程序代写代做代考 data structure scheme data mining CS 352 (Fall 16): System Programming and UNIX

CS 352 (Fall 16): System Programming and UNIX
1 Overview
Project #7
Party in the NSA
due at 9pm, Wed 2 Nov 2016
It’s time for some data mining! In this project, your program will open up a set of files (usually more than one), each of which is full of pairs of phone numbers (representing phone calls). You will record how many times each phone number has talked to each other phone number. At the end, you will be given a pair of numbers: you will search through the data to find out if the two numbers have called each other (or had a less-direct connection).
In this project, you’ll exercise several new techniques:
• Using command-line arguments (and testcases that will use them) • Using fopen() and fclose()
• Using free()
Within the C language, you will be exploring lists of lists – that is, a data structure where each node of a linked list contains another list, with more in- formation.
1.1 New Requirements
Your program must, in addition to previous requirements, also:
2
• • •
free() every malloc()’d buffer before the testcase terminates (even if it terminates with a serious error).
Close all files (we’ll test this by doing some crazy testcases which use lots and lots of files).
New, updated testcase format (detailed below).
Program – Phone Calls
In this project, your program will take several arguments on the command line. These arguments will include one or more file names; the last two arguments will be phone numbers.

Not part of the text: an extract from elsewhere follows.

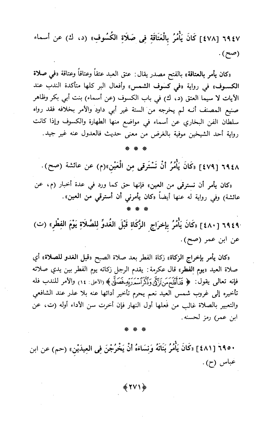 480 - (كَانَ يَأْمر بِإِخْرَاج الزَّكَاة قبل الغدو للصَّلَاة يَوْم الْفطر) ت عَن ابْن عمر // صَحَّ //

Your program will read from the files listed (it will not read from stdin). You will open each one in turn, and read its contents; you will store all of the information that you find into a data structure in memory. You will mix together all of the information from all of the files, into a single data structure.
1

After you have read all of the files, you will look at the two phone numbers (the last two arguments on the command line). You will then search through your data structures and find out how many times (if at all) these two numbers have had a phone call. You will report this number.

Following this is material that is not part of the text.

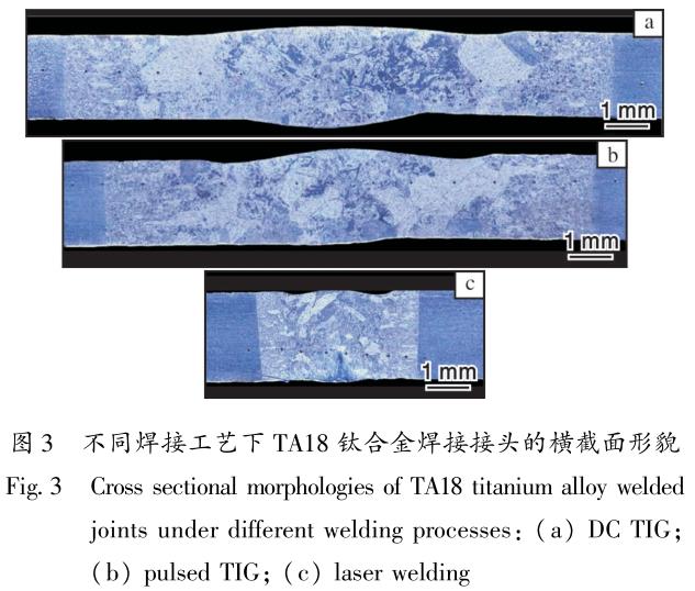 随着钛焊管制备技术的发展,相比无缝钛管,钛焊管在制造成本、绿色高效、壁厚均匀一致性等方面显示出一定的优势,并已在某些领域取代无缝钛管获得应用[8]。然而,现阶段针对TA18钛合金焊管的研究较少,尤其是焊缝对服役性能的影响有待深入研究。因此,分别采用钛焊管工业生产中常用的直流钨极氩弧焊(直流TiG)、脉冲钨极氩弧焊(脉冲TiG)和激光焊接工艺对TA18钛合金板材进行焊接,研究不同焊接工艺对焊缝几何形状、显微组织及力学性能的影响,以期为TA18钛合金焊管的研发提供一定的理论依据和技术参考,推 进钛合金焊管的生产应用。

Next, you will look for any case where the two numbers have both contacted a third person (that is, they have a mutual acquaintance). If there is any such third person, you will also report that. (For testing purposes – so we don’t have to sort the output – you will only indicate whether a third person exists. You will not print out what number it is.)
2.1 Input Format
Each line of each input file will contain two seven-digit phone numbers, separated by a single space. Each phone number must be of the form xxx-xxxx; there must be no extra leading or trailing whitespace (or any other characters) on any line. The two numbers given on the line must be different; a phone cannot call itself !
If any line does not exactly follow this format, then you should report it as an error, and ignored.

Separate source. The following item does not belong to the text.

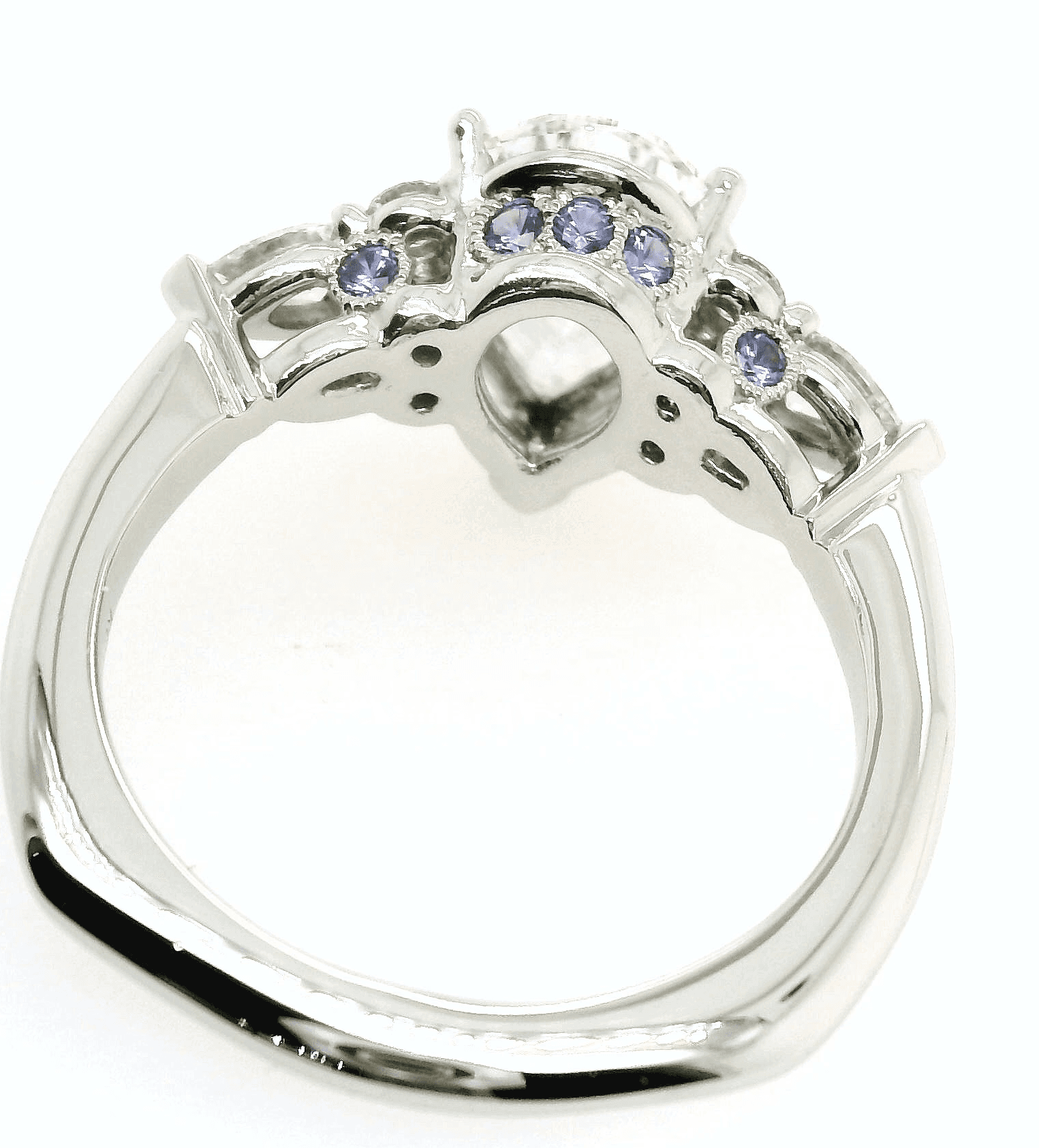 Below, you can see each lavender sapphire set in a bezel with milgrain surrounding each stone.

Any completely empty line (with nothing on it except a newline) should be ignored silently (it is not an error).
If any file is empty (that is, it contains nothing, or only blank lines), you should report an error, but keep running the program.
2.2 Command-Line Argument Format
Your program will be run as follows: The phone numbers will be given in the same 7-digit format as the input files. If either number does not follow this format, then report an error and terminate the program with no other output.
The command line must give at least 1 file name to open (but could be arbitrarily long). If it does not have at least one file name (or if it doesn’t have enough arguments to even have phone numbers), then report an error and terminate the program with no other output.
If any file cannot be opened, print out an error, but keep running. 2.3 Output Format
Your program (unless it terminates early because of a serious error) should always print out exactly two lines of output. The first should contain a single integer; it is the number of times that the two phone numbers have had a conversation.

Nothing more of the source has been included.